*INSTRUCTIONS FOR THE TASK:*
Retype the listing below line for line, but only from the line with "为丰富我院学生校园文化活动,增强学生实践" down to the line with "Eine einfache Vorhangstange", inclusive. Pictures stay out.

*GIVEN INFORMATION:*
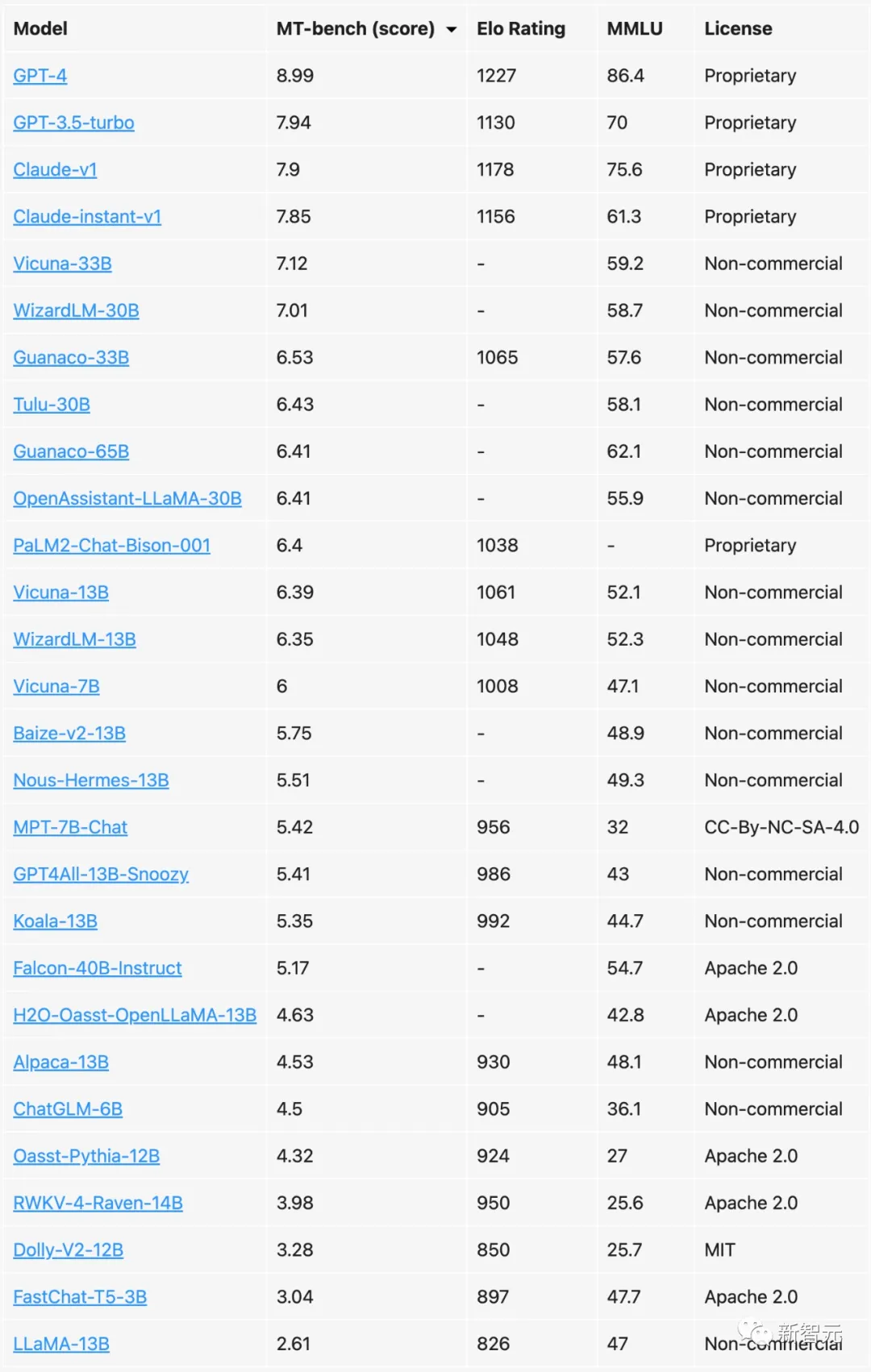 增强版LLM排行榜不难看出,GPT-3.5、Claude-v1和Claude-instant-v1这三个模型之间实际难分伯仲。不仅在MT-bench得分上咬得很紧,而且在诸如Elo和MMLU得分上还有后者还有反超。和这些专有模型相比,开源模型们则有着明显的差距,即便是作为开源第一的Vicuna-33B也是如此。当然,事情总有例外。比如谷歌的PaLM2,就落后于一众开源模型。
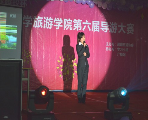 为丰富我院学生校园文化活动,增强学生实践能力,我院第六届导游风采大赛隆重拉开帷幕。本届大赛共有376名学生报名参赛。经过初赛和复赛共20场比赛的激烈争夺,最终共有10名学生以其优异的表现脱颖而出,进入最终的决赛环节。
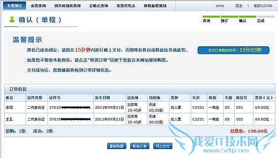 网上订火车票流程第八步——确认订单
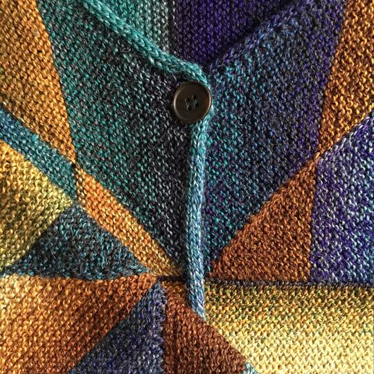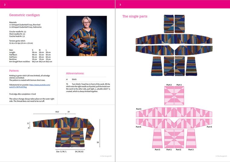 Die Jacke Geometric wird kraus rechts gestrickt, das Muster entsteht mit deutschen verkürzten Reihen.
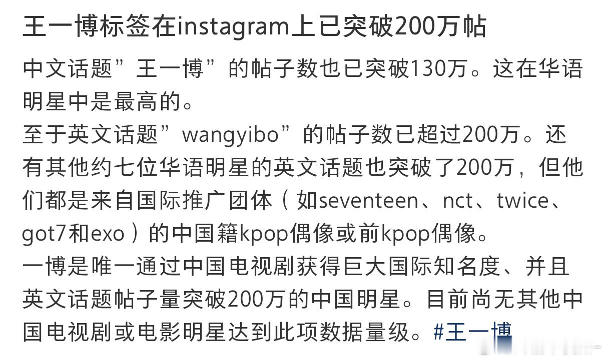 卧槽卧槽 王一博的词条在ins上突破了两百万欸!太牛了吧!!![点赞][点赞]
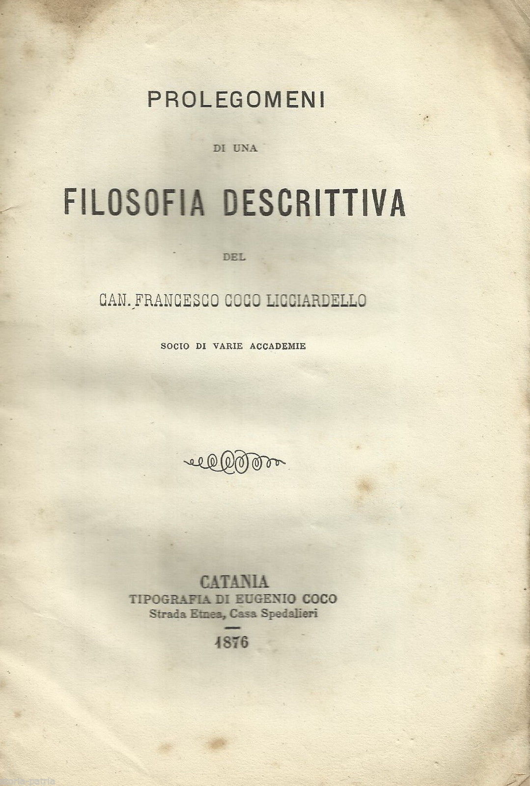 Filosofia Descrittiva, Coco Licciardello, Antica Rara Edizione, Sicilia, Catania, 800
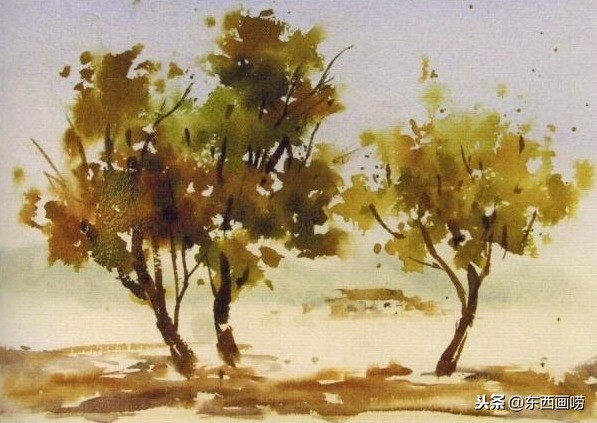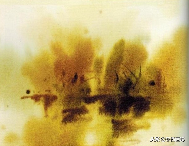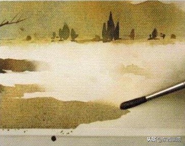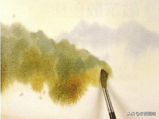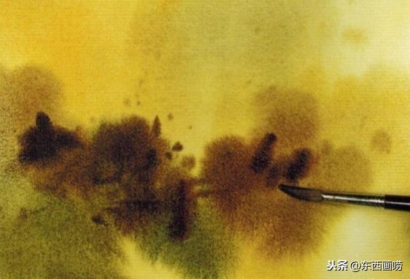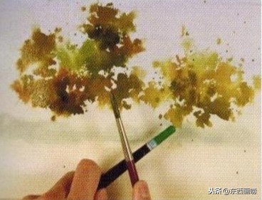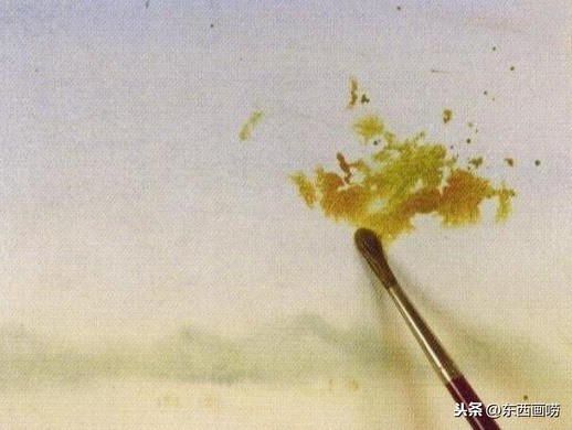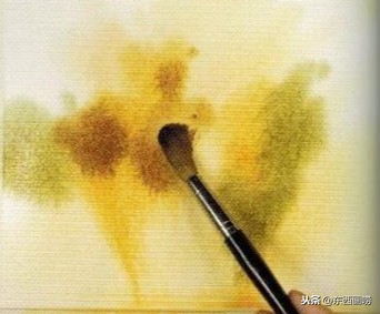 待全干后,用清水在树丛的范围内任意挥洒,再用黄赭、红赭与树绿画树丛。
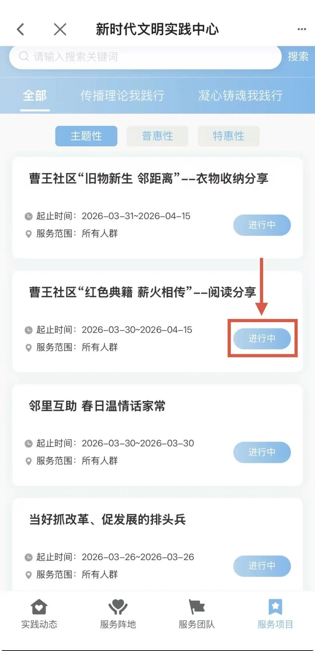 4. 选择正在“进行中”的活动项目。
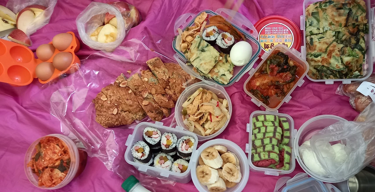 각자 싸 온 점심을 펼쳐 놓으니 진수성찬이 따로 없다. 부침개, 빵, 김밥, 조각 케이크, 라면, 어묵국, 어묵볶음, 삶은 계란, 사과. 바나나, 배추김치, 갓김치 등 아주 푸짐하다. 고대길님 표 열나짬뽕과 발자취님 표 어묵라면은 특별식이다. 약 1시간 정도 점심 식사를 한다. 커피까지 타서 마시니 우리가 바로 신선, 선녀구나 싶다.
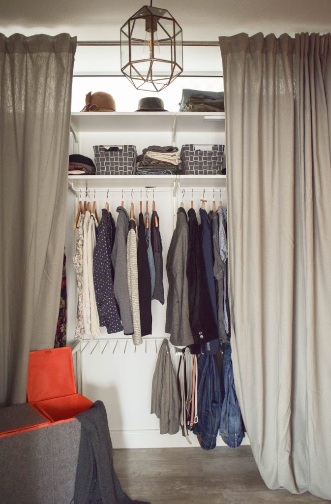 Eine einfache Vorhangstange und schwere Leinenvorhänge schützen die Kleidung vor Staub und Licht. So ist alles schön geschützt.
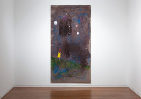 Watson describes the three paintings as taking place in ‘non-specific spaces’ or fantasy worlds. Girl in a blindfold, is, as the name suggests, a child in a blindfold. Sleeping beauty, is a girl asleep on a fantasy bed, and Solar Treasure, a girl depicted from behind staring out at the universe. The expanse of green we see in Girl in a blindfold, suggests the countryside but beyond that we cannot be sure what is going on. Sleeping beauty is a pink fantasy interior of a sleeping chamber; it could be from a fairy-tale inside a castle with its ornate hot pink wallpaper and adorned bed linen. Likewise Solar Treasure with its dark purple sky, the stars, planets and moon invites the viewer to question the infinite expanse of the cosmos or as Watson calls it, “the whole other thing out there”.
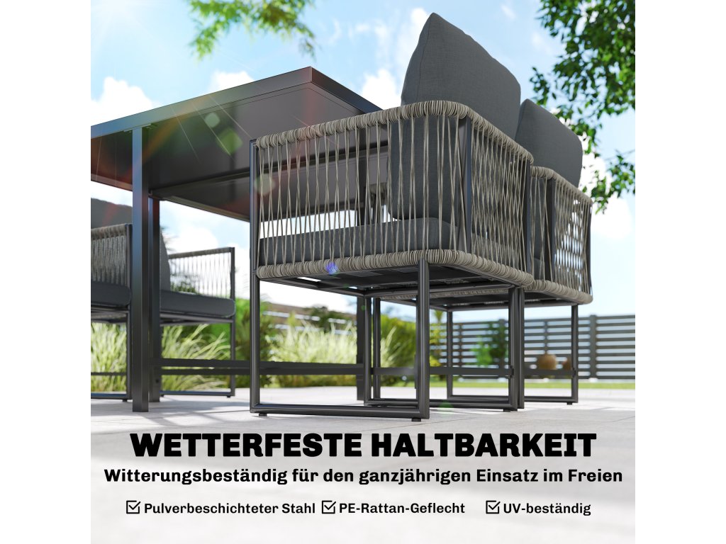 Celoroční odolnost: Tato sedací souprava je určena pro celoroční použití. Je vybavena práškově lakovaným ocelovým rámem a ručně tkaným PE ratanovým materiálem s 1000 hodinami odolnosti proti UV záření, což jí umožňuje snadno odolávat měnícím se povětrnostním podmínkám.

*PROBLEM SOLUTION:*
 为丰富我院学生校园文化活动,增强学生实践能力,我院第六届导游风采大赛隆重拉开帷幕。本届大赛共有376名学生报名参赛。经过初赛和复赛共20场比赛的激烈争夺,最终共有10名学生以其优异的表现脱颖而出,进入最终的决赛环节。
 网上订火车票流程第八步——确认订单
 Die Jacke Geometric wird kraus rechts gestrickt, das Muster entsteht mit deutschen verkürzten Reihen.
 卧槽卧槽 王一博的词条在ins上突破了两百万欸!太牛了吧!!![点赞][点赞]
 Filosofia Descrittiva, Coco Licciardello, Antica Rara Edizione, Sicilia, Catania, 800
 待全干后,用清水在树丛的范围内任意挥洒,再用黄赭、红赭与树绿画树丛。
 4. 选择正在“进行中”的活动项目。
 각자 싸 온 점심을 펼쳐 놓으니 진수성찬이 따로 없다. 부침개, 빵, 김밥, 조각 케이크, 라면, 어묵국, 어묵볶음, 삶은 계란, 사과. 바나나, 배추김치, 갓김치 등 아주 푸짐하다. 고대길님 표 열나짬뽕과 발자취님 표 어묵라면은 특별식이다. 약 1시간 정도 점심 식사를 한다. 커피까지 타서 마시니 우리가 바로 신선, 선녀구나 싶다.
 Eine einfache Vorhangstange und schwere Leinenvorhänge schützen die Kleidung vor Staub und Licht. So ist alles schön geschützt.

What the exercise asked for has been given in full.